Variable Number of Delimited Fields

One Star

Variable Number of Delimited Fields

Hi,
I need help with a task in Talend.
I have a delimeted tab file, but the number of columns is variable in each row.
Let me sample it:
john 23 productx productx add-info
jack 25 productx add-info
july 33 productx productx productx productx add-info
Theres no reserved space for products, and I need to get the add-info after.
Example (output that I need to generate):
john 23 productx productx (blank) (blank) add-info
jack 25 productx (blank) (blank) (blank) add-info
july 33 productx productx productx productx add-info
Don't know if I made myself clear enough.... But thanks for any help.
One Star

Re: Variable Number of Delimited Fields

Hope someone from Team Talend take a look at your case :-) it's kinda pretty hard :-)
These are the things that make the input file complicated:
1. the unknown number of productx
2. there is no identifier or key to each column(this will help us to determine the header value)
3. the "add-info" has no permament place.
4. it is not typical input flat file :-)
But still, your case is very much interesting :-)
Seven Stars

Re: Variable Number of Delimited Fields

If you read across each row, how do you tell which value is a "productx" and which is "add-info". Is it just that there is always exactly one "add-info" as the last value in a row?
One Star

Re: Variable Number of Delimited Fields

Hi alevy,
It seems like, the add-info always at the end, assuming yes, how can this be done?
Seven Stars

Re: Variable Number of Delimited Fields

Well, assuming:
-- we know only that there is always exactly one "add-info" as the last value in a row
-- we do not know the maximum number of "productx" there can be on any row
-- the output is also to a delimited file
-- the "add-info" must remain the last value in the row
Then we need to first read the file to find the maximum number of "productx" across all rows.

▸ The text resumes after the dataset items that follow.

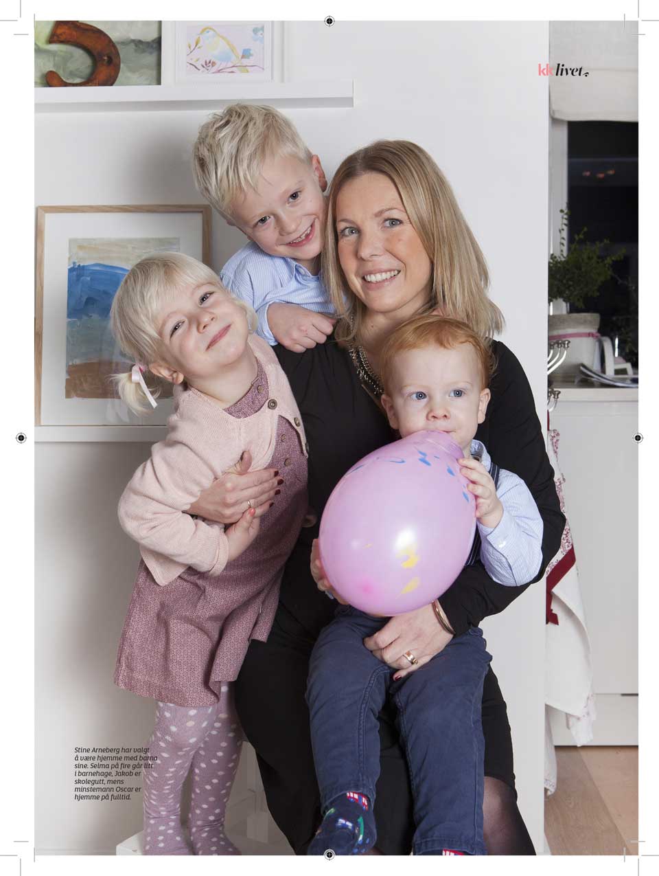 Når Stine Arneberg (34) åpner døren til sitt hvitmalte hus på Nordstrand i Oslo, dufter det herlige av nystekte boller. Rundt bena på Stine spretter tre aktive barn: Jakob (7), Selma (4) og den blide, lille rødtoppen Oskar (18 måneder). Stine er hjemmeværende, og bare Selma går i barnehage, tre til fire dager per uke. Hun kaller seg aktivist for hjemmeværende mammaer, for hun har ikke jobbet etter at hun fikk sin første gutt for sju år siden. Hun er også medlem av organisasjonen Tid for barn som jobber å styrke morsrollen. Før det jobbet hun med markedsføring og grafisk design, ja, hun startet å jobbe allerede da hun var fjorten år.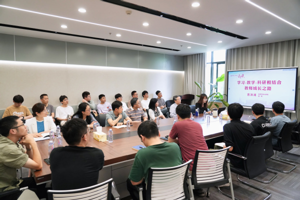 吉洪湖以“学习-教学-科研相结合——教师成长之路”为主题,围绕“大学教师与教学改革”“学习-教学-科研的关系”“如何做好学习、教学改革和科研”三方面展开分享。他从师者如何传道授业的角度引入教学改革的意义,结合自身经历分享学习、教学和科研三者相互促进、相辅相成的经验,提出在课堂学习的同时更要结合实践学习,学习-教学-科研相结合是青年教师成长的有效途径。教学要适应国家人才培养的需求、反映科学技术的发展、与科研相互促进、协同育人,最终更好地培养一流人才、成就卓越教师。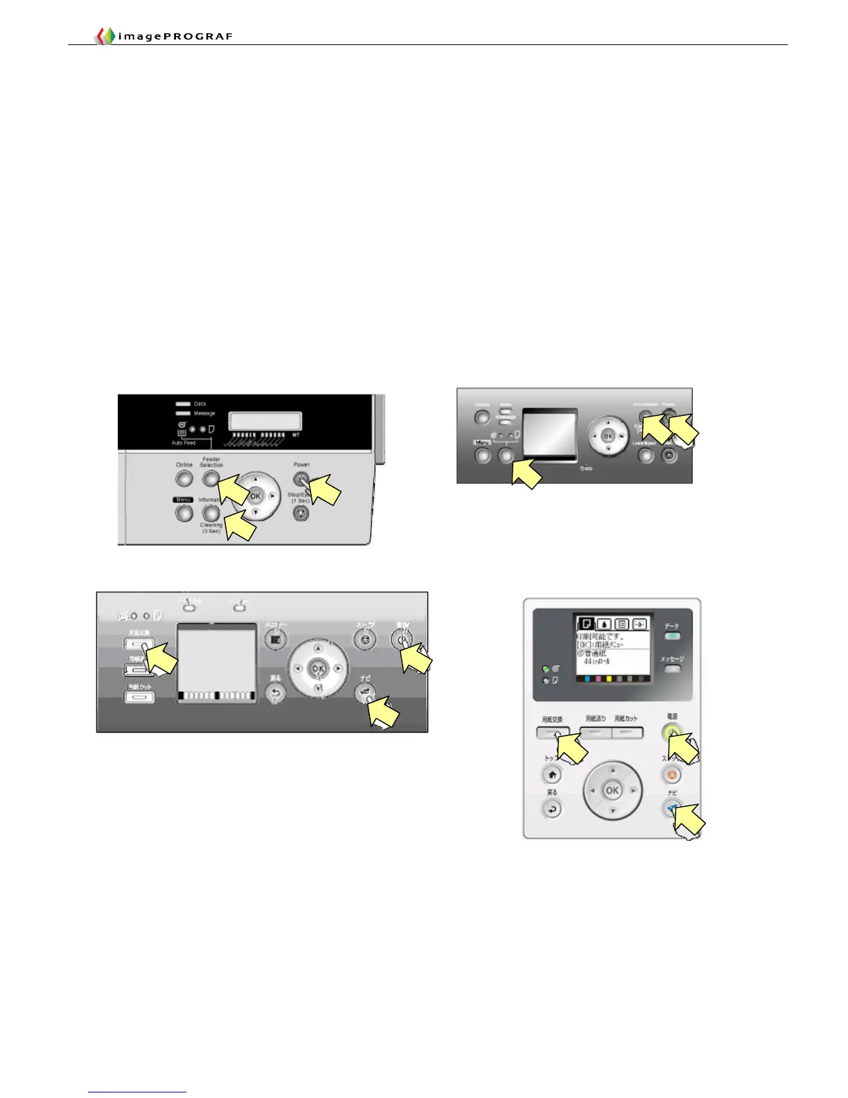 Model without [Navigate] button: Switch on the printer while pressing the [Feeder Selection] button and the [Information]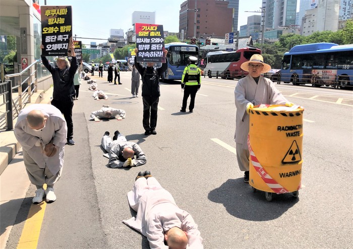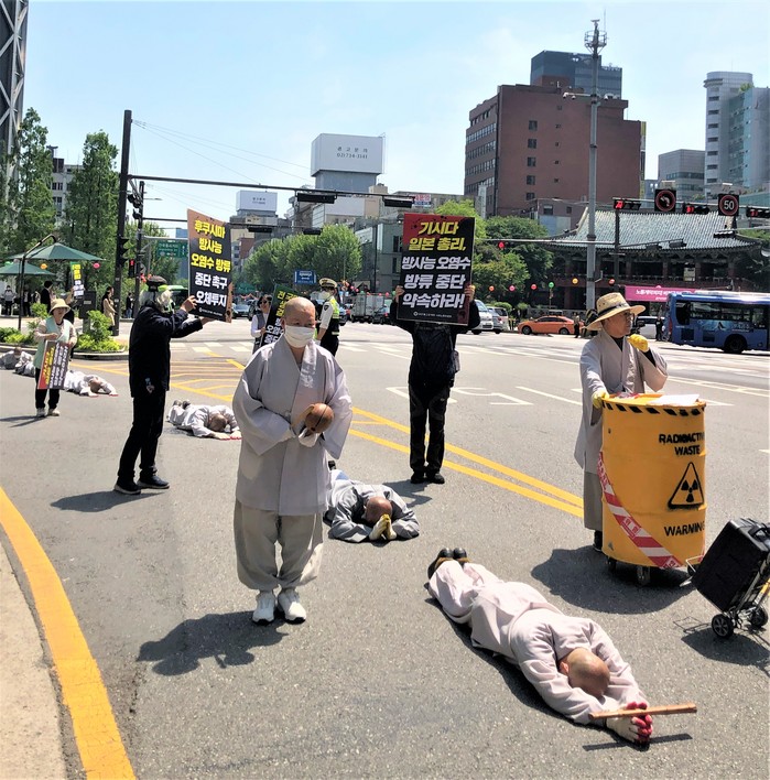 기사다 일본 총리가 방한한 가운데 조계종 스님 등 일반회원들은 피켓을 들고 우리 국민들이 건강 생명을 위협하는 방사능 오염수 방류는 안된다고 일본 정부와 우리 정부측에 뜻을 전달했다.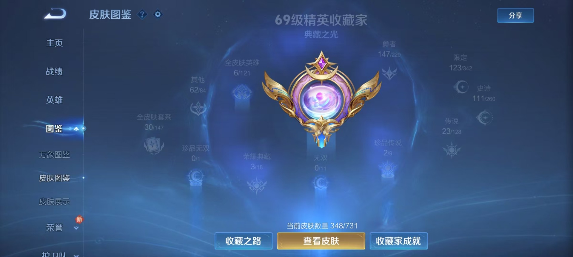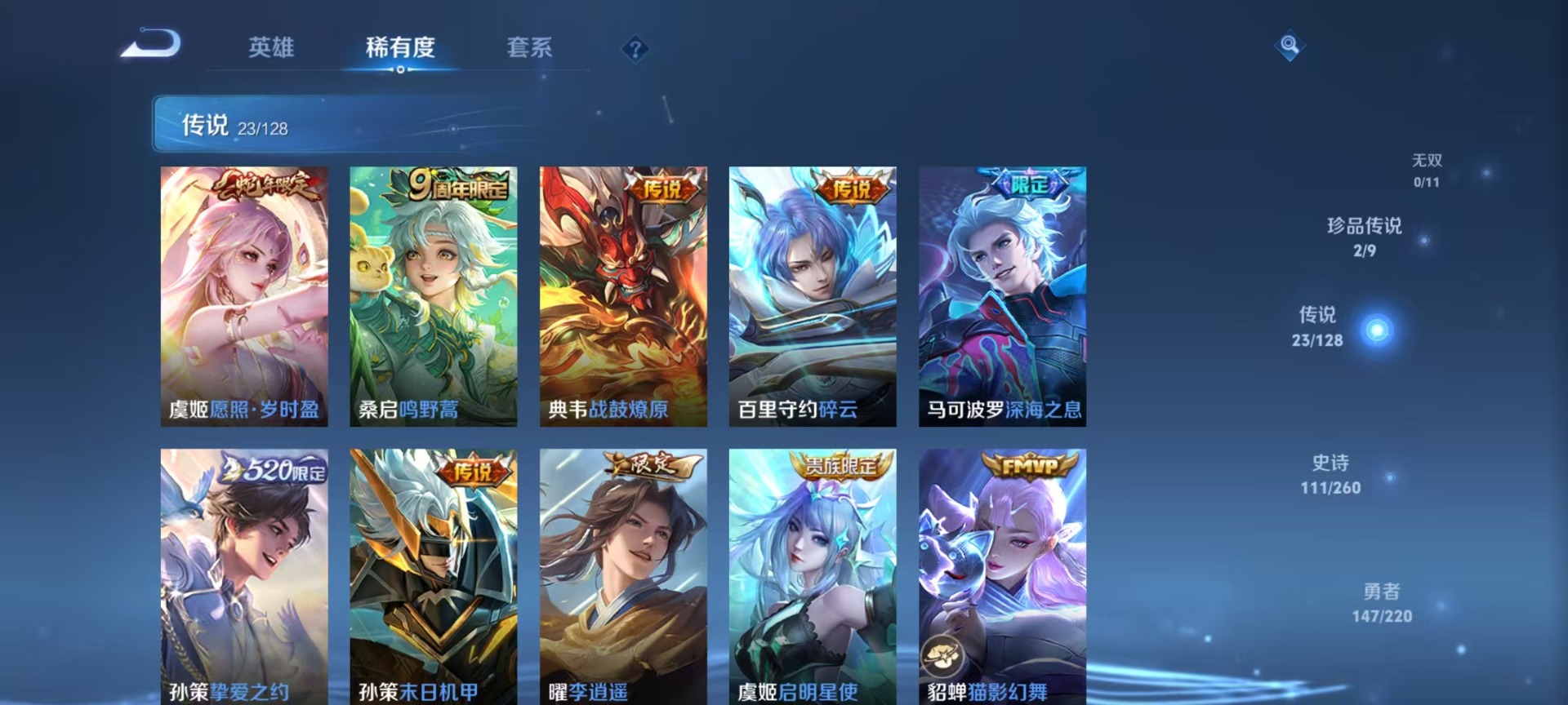 - PX_2096132-15 安卓QQ/无双王者/341皮肤/124英雄/1典藏/0珍品无双/0无双/4珍品传说/33传说/83史诗/8稀有英雄 【4 珍品传说】黑崎一护 宫本武藏,怪盗基德 马可波罗,时之奇旅 孙策,兔狲·蓬尾 张飞, 【1 典藏皮肤】银白咏叹调 铠, 【33 传说皮肤】启明星使 虞姬,逐花归海 澜,云鹰飞将 曜,齐天大圣 孙悟空,浮生妄 夏洛特,落雪白狼 亚连,惊梅引 宫本武藏,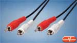 Cable de audio con dos conectores RCA macho por cada extremo para la conexión en dispositivos multimedia.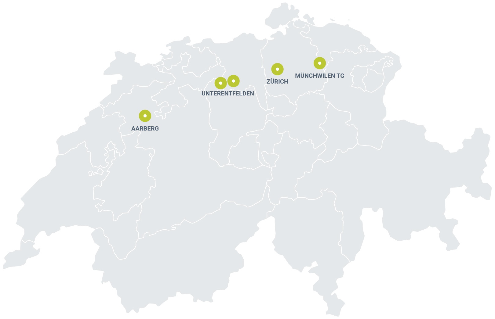 Vier boesner Niederlassungen in Aarberg, Münchwilen, Unterentfelden und Zürich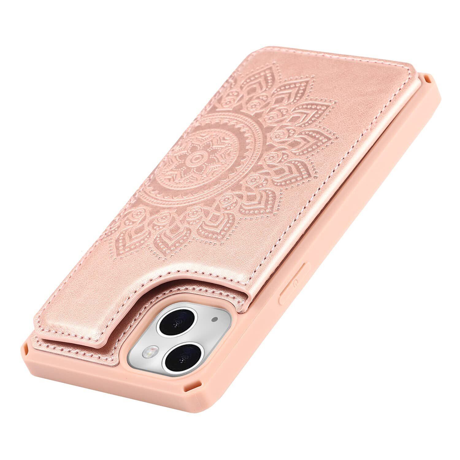 Pelanty for iPhone 13 ケース手帳型 iPhone13 ケース縄掛け スプラット同梱 背面カバー 花柄横開模様 PUレザー ICカード収納 軽量 スタンド機能 ボタン磁気 アイフォン13 スマホケース ストラップ 携帯カバー 耐衝撃 滑り防止 防塵 全面保護 [花柄横開-ピンク]
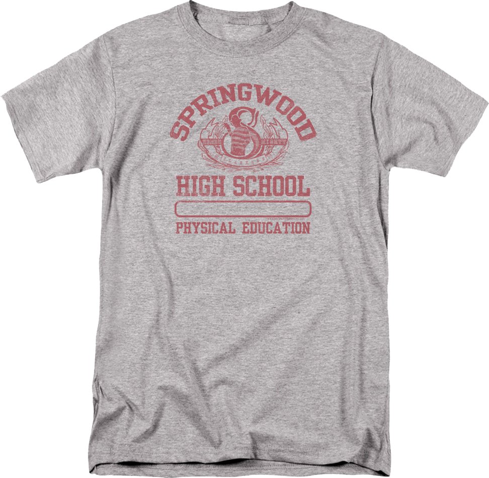 Many of Freddy Krueger's victims were students at Springwood High School, including Tina Gray, Glen Lantz and Rod Lane. Even Coach Schneider wasn't safe. Everyone will think you are one of the lucky ones that got away when you wear this Springwood High School Nightmare On Elm Street T-Shirt!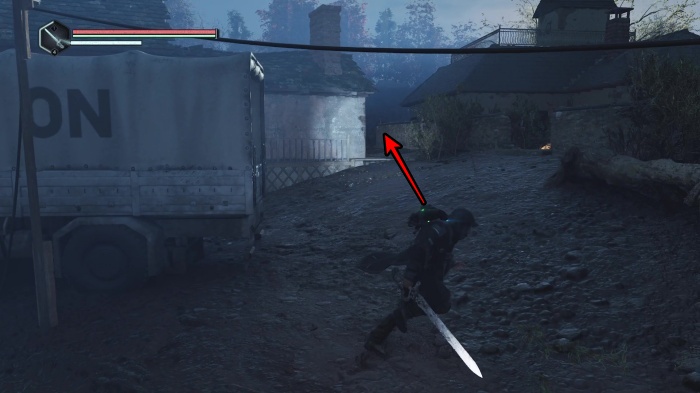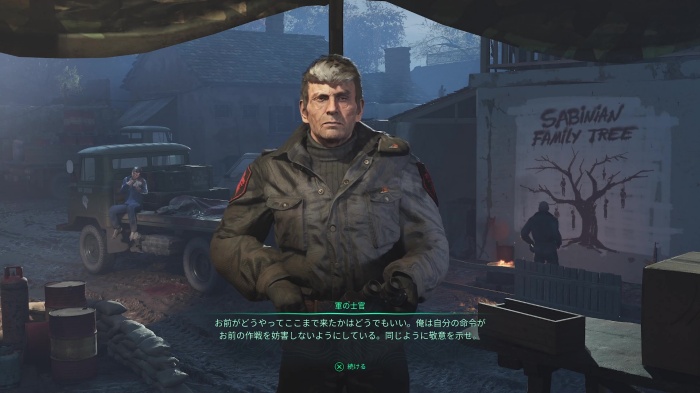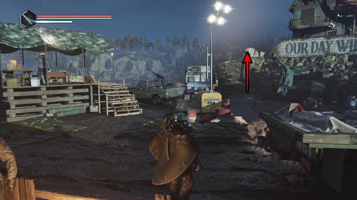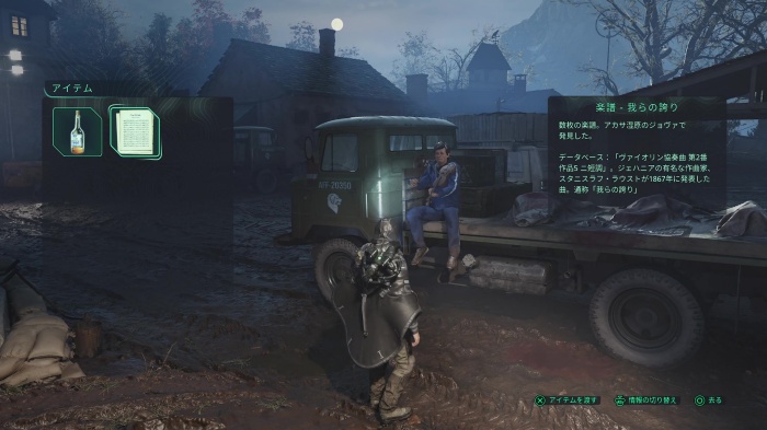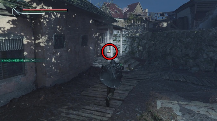 バイオリンの男性から左奥に進み、ONと書かれたトラックの右側にある細道に進みます。酔っ払った兵士がいるので、ほぼ空の蜂蜜酒の瓶を渡しましょう。また、近くにある手紙-心配する妻を拾うと善行「離散」が始まります。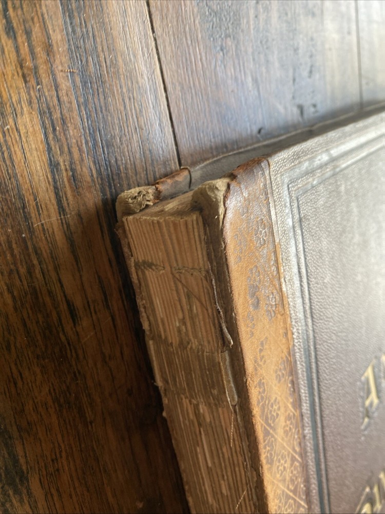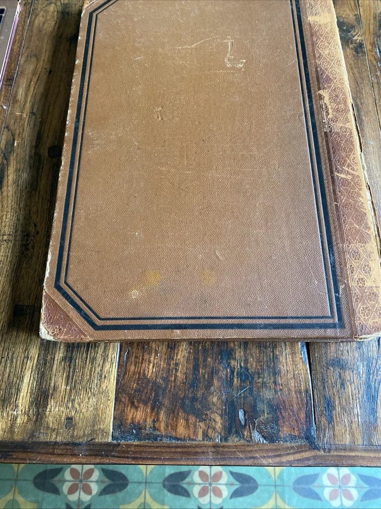 Antique - leather spine heavy wear corners - spine cover missing - covers loose bit not terrible - inside binding ok !there looks to have been some repair work to me! - please see pics!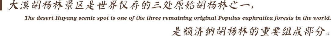 大漠胡杨林景区由游客集散服务功能区和胡杨林生态景观游览区组成。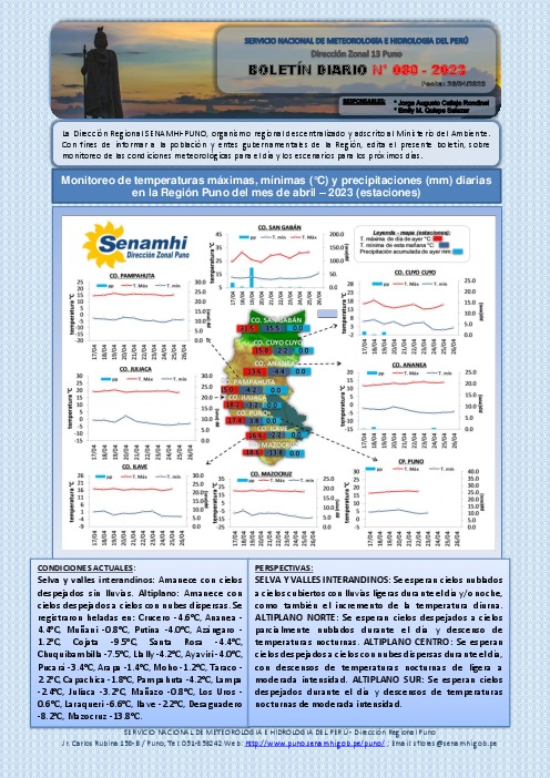 BOLETIN HIDROMETEOROLOGICO DIARIO DE LA REGION DE PUNO, DEL 26 DE ABRIL DEL 2023.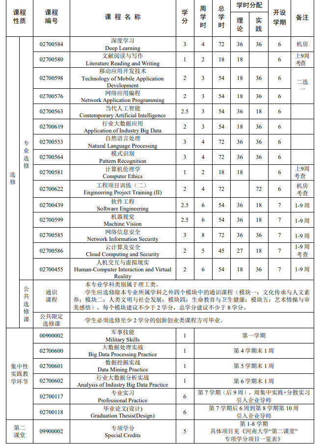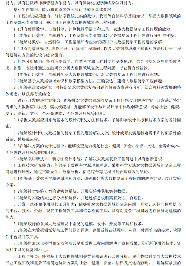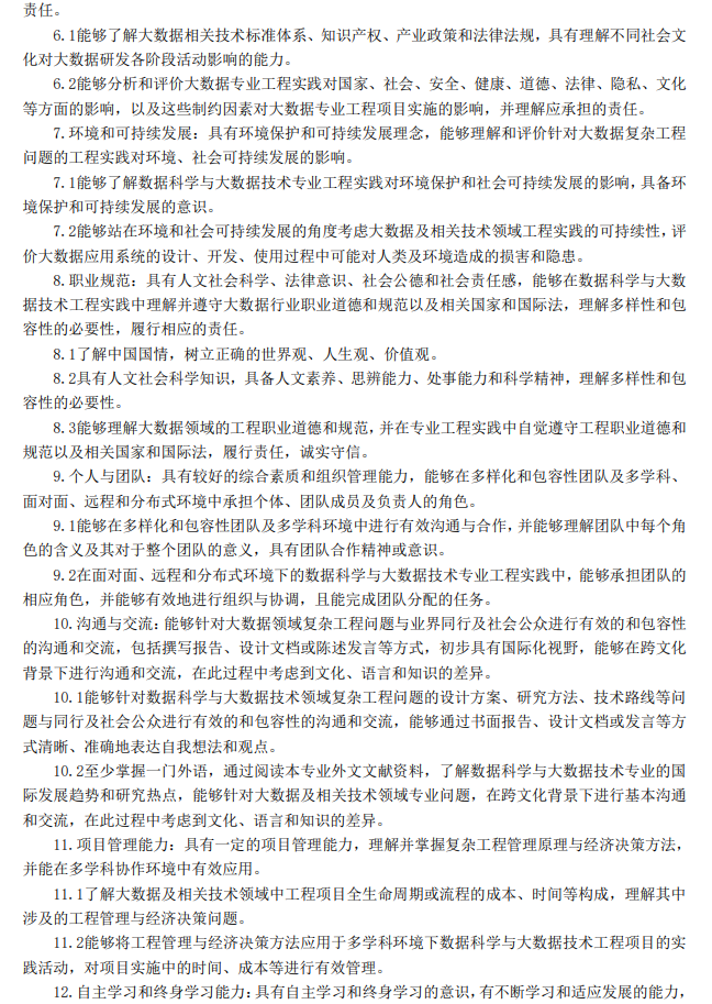 本专业以工程教育专业认证思想为指导,不断完善培养方案和课程体系的建设,并定期开展人才培养方案的论证、修订与完善工作,持续改进,建立了以学生为中心、以能力为目标、以产出为导向、以实现课程目标、学科竞赛为抓手,以多样化教学为重点,以过程性评价为手段,以产学研协同育人、校企协同育人为载体的个性化人才培养模式,致力于培养应用型、复合型大数据高级技术人才,职业发展前景好。该专业学位授权体系健全,科研成绩显著,教学传统优良,在专业人才培养模式和质量、专业教学基本建设、专业市场跟踪等方面取得了长足发展。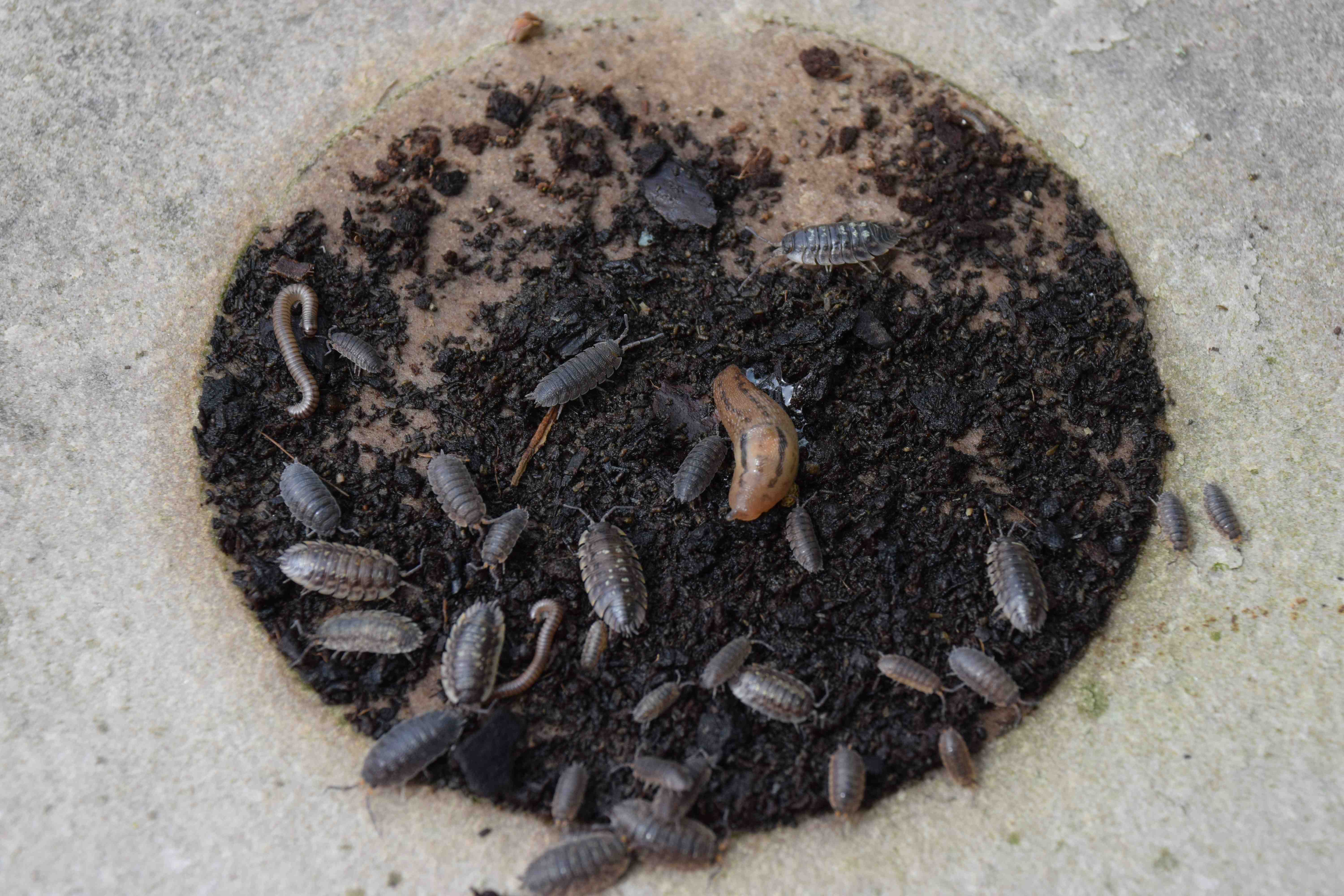 There has been a pot sitting on the patio all winter. It had a coloured zantedeschia in it last summer and I didn’t look after it and it is well and truly frosted. So I finally cleared it away and made a whole community homeless. At least two species of woodlouse, two millipedes and a slug all had to crawl off and find new places to live.

Use tFileInputFullRow and send to tMap. There define a new field ProductCount = StringHandling.COUNT(row1.line,"\t")-2. The output of tMap goes to tAggregateRow, which calculates the max of all ProductCounts. The output of tAggregateRow goes to tSetGlobalVar.
Then link the first tFileInputFullRow to another identical tFileInputFullRow using OnSubjobOK. The flow from the second tFileInputFullRow goes to tJavaRow, which contains the following code:
Integer LastDelimiter = input_row.line.lastIndexOf('\t');
output_row.line = input_row.line.substring(0,LastDelimiter)
+StringHandling.STR('\t',(Integer)globalMap.get("MaxProductCount")-StringHandling.COUNT(input_row.line,"\t")+2)
+input_row.line.substring(LastDelimiter);

The flow from tJavaRow should be what you need to write to tFileOutputDelimited.
One Star

Re: Variable Number of Delimited Fields

Hi alevy,
Confirmed, it works! Smiley Happy (assuming it is delimited) You are great Smiley Wink
One Star

Re: Variable Number of Delimited Fields

Thanks alevy and lovely, will try this solution asap.
One Star

Re: Variable Number of Delimited Fields

Hi, sorry for taking so long to do the test, but I was really busy.
I tried your solution alevy, but is just outputted the same file that was inputted. Did I miss something?
Thanks.
Seven Stars

Re: Variable Number of Delimited Fields

I'd have to say: probably Smiley Happy. Did you set MaxProductCount correctly in tSetGlobalVar? Add a tLogRow after tAggregateRow and a tJava with the following code after tSetGlobalVar to test that the max has been correctly stored.
System.out.println((Integer)globalMap.get("MaxProductCount"));

If both print the same result then put up screenprints of your job.
One Star

Re: Variable Number of Delimited Fields

Geeez it's so nice to be back in Talend ( got hooked with Silverlight project recently and it's driving me nuts!!!) Smiley Happy
MaxProductCount -> This did the trick, right Alevy? Smiley Happy You must know the maximum count of the productx so that the add-info will be put on the nth(maxproductcount) place.